In this article, we’ll take a closer look at what a second mortgage loan is, as well as what the benefits are for this type of finance.
What is a second mortgage exactly?
A second mortgage loan is a secondary loan that is secured against your home or property. Your existing mortgage is the primary loan, also referred to as a ‘first mortgage’, and is ranked higher in importance than a second mortgage on the same property.
This is vital to note, as, in the case of a foreclosure on the home, repayment of the primary mortgage takes priority over repayment of the second mortgage. There is therefore more risk for the lender of a second mortgage, which usually means a second mortgage has a higher interest rate than a first mortgage.
In order to be able to apply for a second mortgage, you must have built up some very good equity in your home. People who have only recently started paying back a home loan are not usually yet eligible to successfully apply for a second mortgage. For this reason, it’s important to first determine exactly how much equity is in your home as this will largely dictate how much money you can borrow.

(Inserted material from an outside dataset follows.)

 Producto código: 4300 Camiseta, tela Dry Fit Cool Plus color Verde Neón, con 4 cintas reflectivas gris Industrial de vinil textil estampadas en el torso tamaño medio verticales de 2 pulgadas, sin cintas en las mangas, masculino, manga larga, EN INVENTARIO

Let’s now look at some benefits of either a long-term or short-term second mortgage.
Second mortgages: the advantages
If you have solid equity in your home, an inability to extend or refinance your primary mortgage loan, and a need for access to significant funds, a short-term second mortgage may be worth considering.
Short-term second mortgages are advantageous compared to other forms of finance such as personal loans and credit cards. For one, a short-term second mortgage allows you to borrow more funds based on the value of the equity in your home. Secondly, because the loan is secured by your property, the interest rates are far lower than alternative sources of funds. In addition, second mortgages are renowned for being cheaper, with higher loan-to-value ratios (LVRs) than caveat loans. In real terms, this usually means the amount you can borrow is larger, and more economically priced than caveat loans.

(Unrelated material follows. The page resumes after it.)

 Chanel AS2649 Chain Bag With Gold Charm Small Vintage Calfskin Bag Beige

On the rise: short-term second mortgages for home improvements
Renovations or other home improvements, such as a swimming pool, are increasingly common reasons Aussie homeowners decide to take out a second mortgage. It’s really more of an investment, and often a pre-sale strategy, as home improvements or additions typically increase the overall value of the property.

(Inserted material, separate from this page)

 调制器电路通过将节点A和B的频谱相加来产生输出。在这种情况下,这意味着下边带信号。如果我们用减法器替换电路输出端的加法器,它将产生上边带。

Consider a short-term second mortgage for debt consolidation
If you have a bunch of other debts – such as outstanding balances on several credit cards and maybe even a personal loan – it can put tremendous pressure on you financially when you’re paying off a home loan at the same time. In this scenario, it’s common to use a short-term second mortgage to pay out a; existing high-interest debt, and consolidate debt into a single structure at a lower rate.
Need a deposit for another property?
A short-term second mortgage can also be used as a deposit to purchase another property, including investment properties.
Apply for a second mortgage online
Many Australian lenders who provide short-term second mortgage loans will allow you to apply for the loan online. This is most convenient, as you can do the application any time it suits you, all from the comfort of home.
Along with being able to fill up the loan application online, any supporting documents can also be uploaded with the application form and submitted, so long as you have digital copies of the paperwork in question.
If you have a decent amount of equity built up in your home and you need extra money, it’s worth considering a short-term second mortgage option to release funds for personal or business use.